C pointer arithmetic for 2D arrays

Question

// strings is a 2D array (each string is 11 bytes long)
char strings[][11] = {"0123456789", "2222244444", "3333366666"};   

printf("String 3 Character 2 is %c\n", strings[2][1]);

How can I code this print statement using pointer arithmetic instead of the strings[2][1] ?

Answer 1

In C, a[b] is the same as *(a+b) (and since addition is commutative, that implies that it's also equivalent to b[a]. People writing for the International Obfuscated C Code Contest frequently rely on this, using things like x["string"];. Needless to say, it's best to avoid that sort of thing unless you're intentionally being evil though...

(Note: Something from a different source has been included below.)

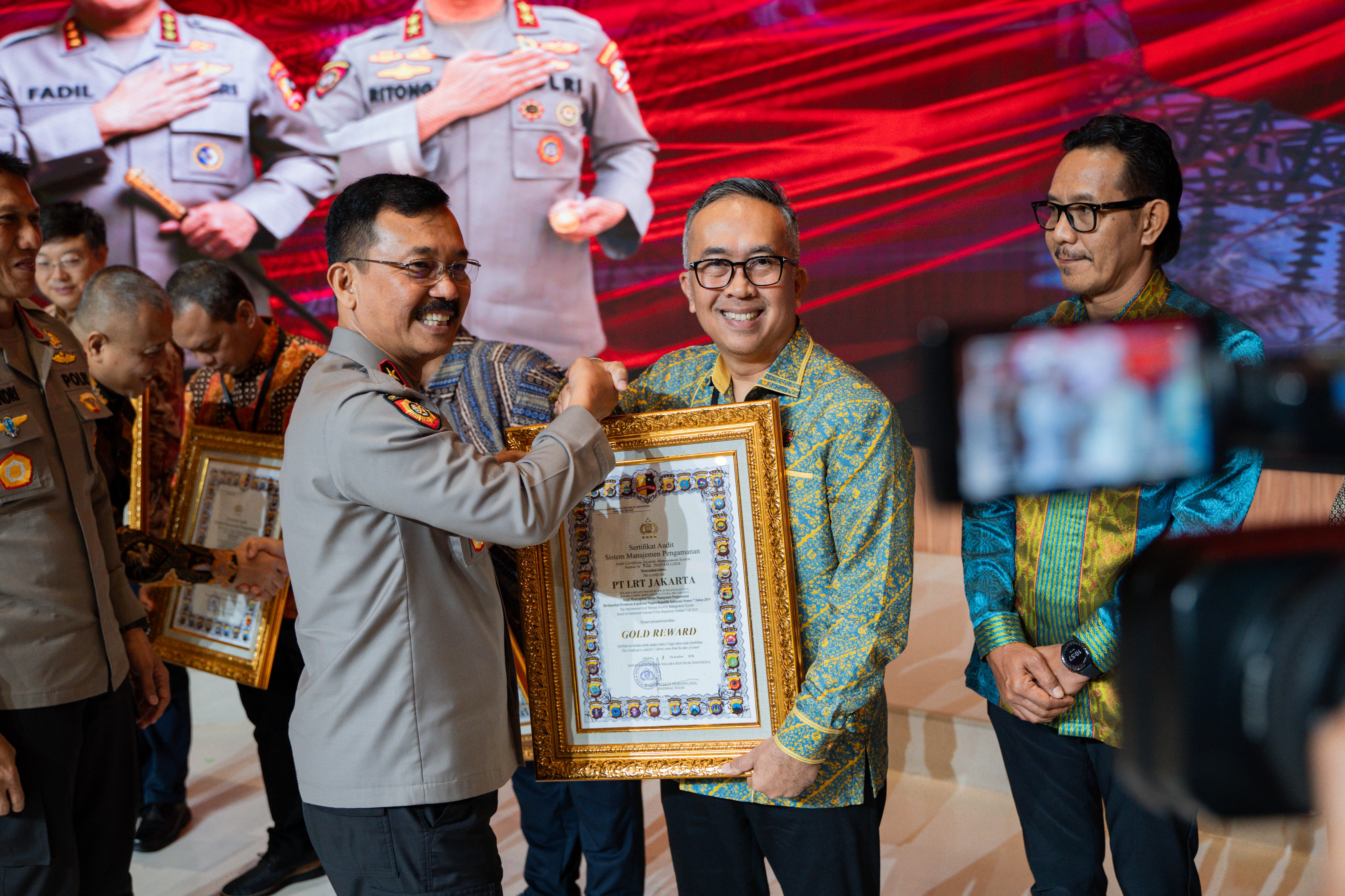 Selasa, 24 Desember 2024 - PT LRT Jakarta telah berhasil menerima Sertifikat Sistem Manajemen Pengamanan (SMP) berbasis Peraturan Kepolisian Negara Republik Indonesia Nomor 7 Tahun 2019 pada Senin, 23 Desember 2024. Acara penyerahan sertifikat ini menjadi

Edit:For anybody who's sure their understanding of the subject is up to snuff should feel free to analyze the following and correctly predict its output before running it:

#include <stdio.h>

char *c[] = { "ENTER", "NEW", "POINT", "FIRST" };
char **cp[] = { c+3, c+2, c+1, c };
char ***cpp = cp;

main()
{
    printf("%s", **++cpp);
    printf("%s ", *--*++cpp+3);
    printf("%s", *cpp[-2]+3);
    printf("%s\n", cpp[-1][-1]+1);
    return 0;
}

If memory serves, the credit (blame?) for that particular code goes to Thad Smith.

Answer 2

How did I do with this?

char strings[][11] = { "0123456789", "2222244444", "3333366666" }; 
printf("String 3 Character 2 is %c\n", *(*(strings + 2) + 1));

Answer 3

Why ask this question exactly? Just compile your code and run it. See what sort of result you get.

Answer 4

 *(*(strings+2)+1)